В детстве я редко читал так называемые детские книги, отчасти потому, что почти никогда их не видел, а отчасти потому, что ещё в раннем возрасте решил, что способен читать взрослые книги. У моих родителей не было практически никаких книг. Каждую неделю они брали несколько книг из того, что в моём детстве называлось абонементной библиотекой, но книги всегда возвращались в библиотеку, прежде чем я успевал прочитать больше нескольких страниц. Я читал в основном журналы. Родители покупали каждый месяц два журнала с короткими рассказами. Один из них назывался «Argosy» , привезённый, кажется, из Англии. Другой – «The Australian Journal» , в котором печатались не только короткие рассказы, но и отрывки из романов, изданных с продолжением. У нас дома было правило: мама сначала читала каждый из этих журналов, чтобы сказать мне, какие рассказы мне не подходят. После этого мне разрешали читать журнал, при условии, что я обязуюсь не читать те, которые считал неподходящими.
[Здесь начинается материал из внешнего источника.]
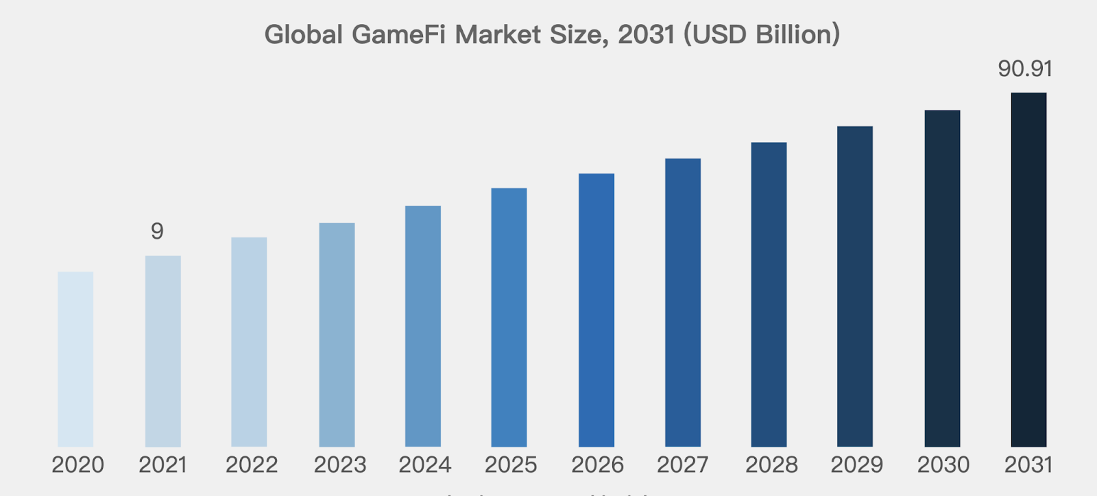 根据 Businessresearch 的预测,GameFi 将在 2031 年达到 909.1 亿美金规模,具备 5 - 10 倍的增长空间。
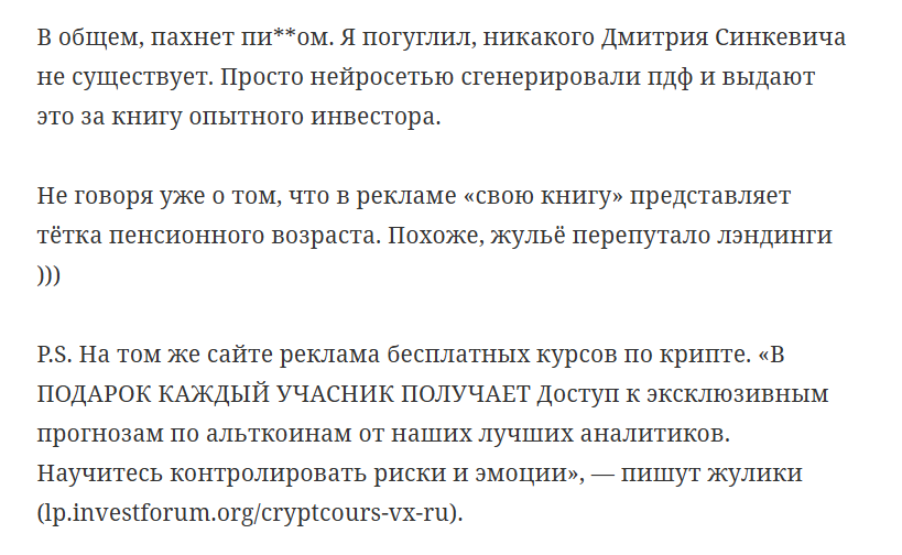 Шаблонные фразы о финансовой независимости и свободе уже стали визитной карточкой аферистов. Выдуманный персонаж Дмитрий Синкевич раскручивается авторами сомнительной площадки без подтверждения уровня знаний и каких-либо откликов о предлагаемой книге. За хитросплетенным разводом и путаницей с авторами скрывается единственная цель – выведать у потенциальной жертвы обмана личные данные.

Конечно же, я всегда читал их первыми, надеясь узнать из них какую-нибудь тайну из мира взрослых. Из этого моего тайного чтения я узнал только то, что моя мать не хотела, чтобы я читал описания того, что можно было бы назвать длительными, страстными объятиями.
и что она не хотела, чтобы я знала, что молодые женщины иногда беременеют, даже если они еще не замужем.
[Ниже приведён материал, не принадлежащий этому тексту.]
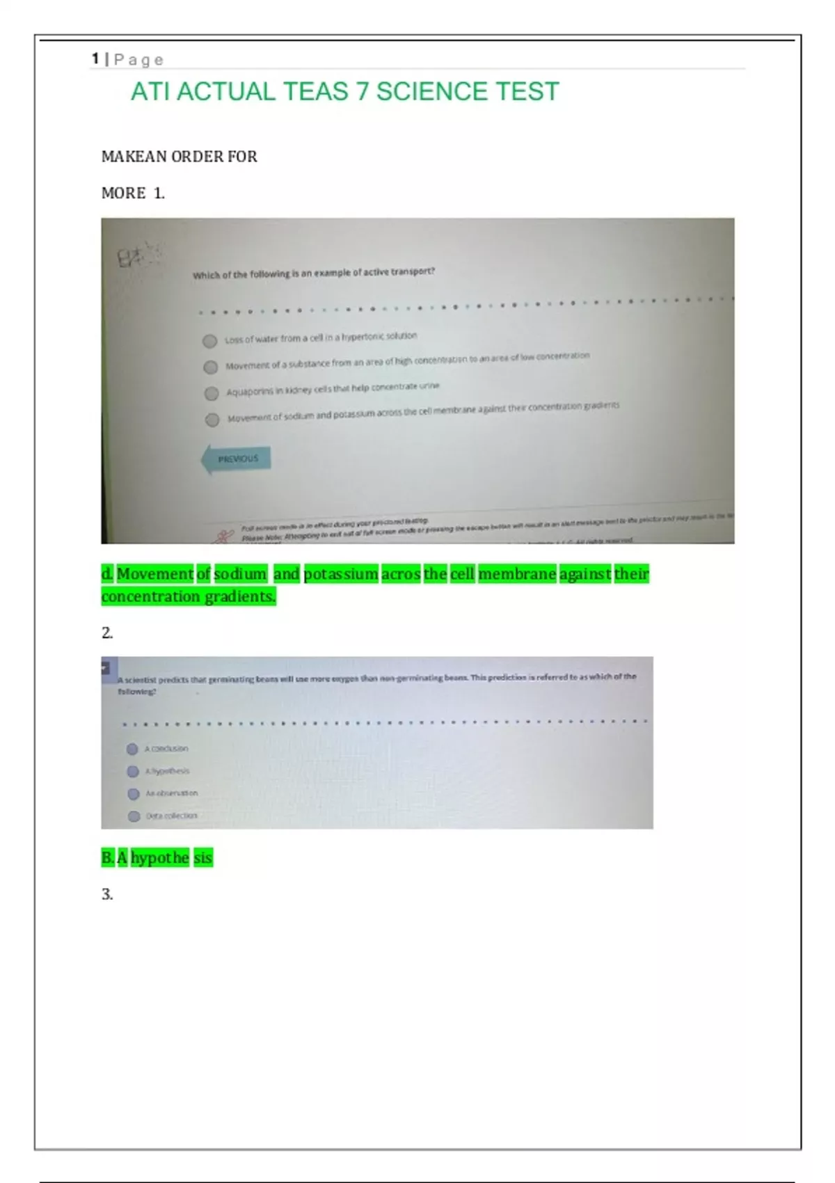 ATI ACTAL TEAS 7 SCIECE TE
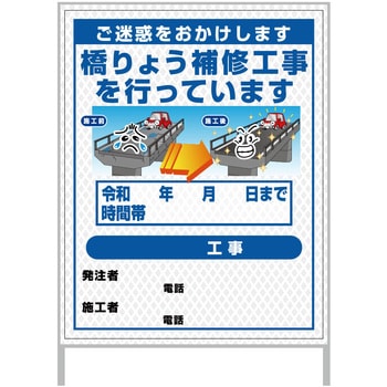 【レンタル】工事看板 イラスト(国交省仕様)ガルバニウム プリズム反射型 1100x1400 橋梁工事4グリーンクロス
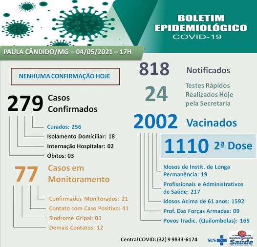 Paula Cândido e Araponga não tiveram registros de óbitos e casos confirmados hoje. Pedra do Anta não havia divulgado o boletim até a publicação desta matéria.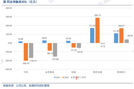 据胜遇研究,万科2021年到2023年10月之间,净融资远低于保利和招商蛇口等央国企。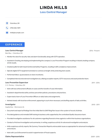 Build a professional loss control manager resume in minutes. Browse through our resume examples to identify the best way to word your resume. Then choose from 5+ resume templates to create your loss control manager resume.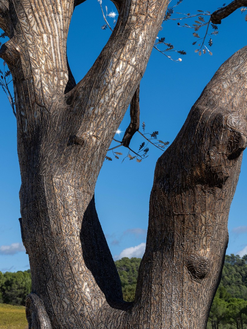 The highlight exhibit is an 18-meter-tall dead dry oak tree at the Château La Coste’s campus. She shaped the artwork based on the original structure of the dead tree and welded several stainless steel leaves on it. Thousands of stainless-steel leaves hanging and "flowers" that are made from colorful, reflective quartz stones on the branches create a sparkle effect as if playing with the sunlight.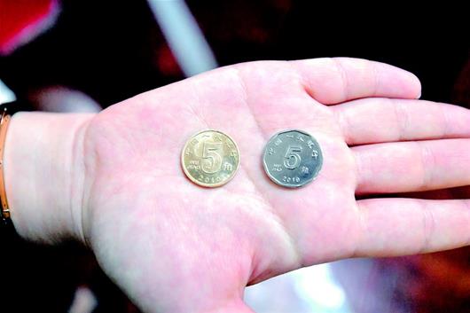 图为:新旧版5角硬币对比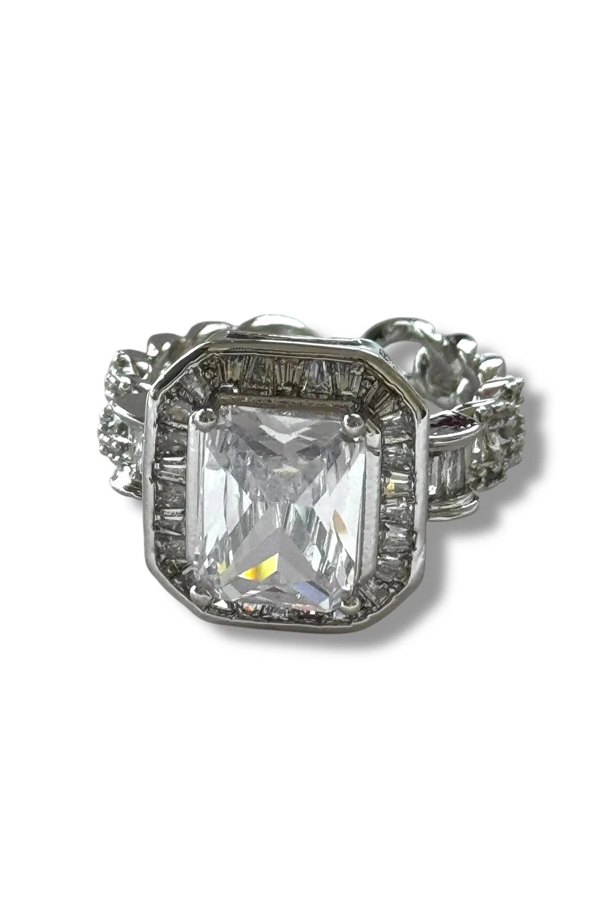 Gümüş Renk Taş Detaylı Ayarlanabilir Yüzük

Человек, утверждающий, что помнит, как читал ту или иную книгу, редко способен процитировать по памяти хотя бы одно предложение из текста. То, что он помнит, вероятно, является частью опыта, полученного во время чтения книги: частью того, что происходило в его сознании в те часы, пока он читал книгу. Я всё ещё помню, почти шестьдесят лет спустя, кое-что из того, что читал в детстве, то есть я всё ещё могу вспомнить некоторые образы, которые возникали у меня во время чтения. Кроме того, я утверждаю, что до сих пор чувствую что-то из того, что чувствовал, когда эти образы были на переднем плане моего сознания.
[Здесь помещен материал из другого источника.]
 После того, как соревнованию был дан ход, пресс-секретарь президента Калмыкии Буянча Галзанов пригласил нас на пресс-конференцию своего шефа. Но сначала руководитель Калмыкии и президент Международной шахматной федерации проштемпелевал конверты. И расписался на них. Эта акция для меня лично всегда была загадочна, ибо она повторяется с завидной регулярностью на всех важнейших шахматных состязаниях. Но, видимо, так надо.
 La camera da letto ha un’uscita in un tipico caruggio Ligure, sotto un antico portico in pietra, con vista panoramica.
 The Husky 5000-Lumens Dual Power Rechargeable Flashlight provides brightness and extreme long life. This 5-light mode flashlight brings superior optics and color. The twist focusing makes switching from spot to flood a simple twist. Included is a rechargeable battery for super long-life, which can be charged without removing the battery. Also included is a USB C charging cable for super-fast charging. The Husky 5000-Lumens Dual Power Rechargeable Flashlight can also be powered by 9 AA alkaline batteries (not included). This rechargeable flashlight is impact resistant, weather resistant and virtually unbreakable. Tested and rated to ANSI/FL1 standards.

В период с 1960 по 1990 год я прочитал более тысячи книг, в основном из того, что можно было бы назвать литературой. Когда я в последний раз просматривал страницы книги, где записаны названия и авторы всех этих книг, я узнал, что около двадцати книг произвели на меня неизгладимое впечатление. Несколько минут назад я смог быстро набросать подряд на полях страницы, где я записывал черновики каждого предложения на этой странице, названия и авторов девяти из примерно двадцати книг, упомянутых в предыдущем предложении. И только что, пока я писал предыдущее предложение, я вспомнил десятое название и автора. Написав предыдущее предложение, я подождал больше минуты, и в конце концов мне на ум пришли одиннадцатое название и автор.
Прошло два дня с тех пор, как я написал предыдущее предложение. За это время мне в голову не пришло ни одно другое название или автор, хотя я несколько раз задавался вопросом, стоит ли добавить к своему списку из одиннадцати названий восемь названий моих собственных опубликованных книг вместе с названиями моих неопубликованных книг, учитывая, что я часто вспоминаю своё состояние, когда писал тот или иной отрывок из этих книг, а иногда даже вспоминаю фразу или предложение из этого отрывка.
Однажды я решил больше не читать одну за другой книги, которые можно было бы назвать литературой, – этот день был всего за несколько месяцев до того дня, когда я решил больше не писать прозу. Приняв это решение, я намеревался ограничиться в будущем чтением тех немногих книг, которые я никогда не забуду; я буду перечитывать их – я буду размышлять о них до конца своей жизни. Но после того, как я решил больше не писать прозу, я предвидел, что не прочту даже те немногие книги, которые я не забуду. Вместо того, чтобы читать то, что можно было бы назвать литературой, и писать то, что я называл прозой, я задумал занятие более приятное, чем чтение или письмо. Всю оставшуюся жизнь я буду заниматься только теми ментальными сущностями, которые почти украдкой приходили ко мне, пока я читал или писал, но никогда больше не отделялись от меня: я буду созерцать эти образы и отдаваться тем чувствам, которые составляли непреходящую суть всего моего чтения и письма. Всю оставшуюся жизнь я либо продолжал бы читать огромную книгу без страниц, либо писал бы замысловатые предложения, состоящие из несловных предметов.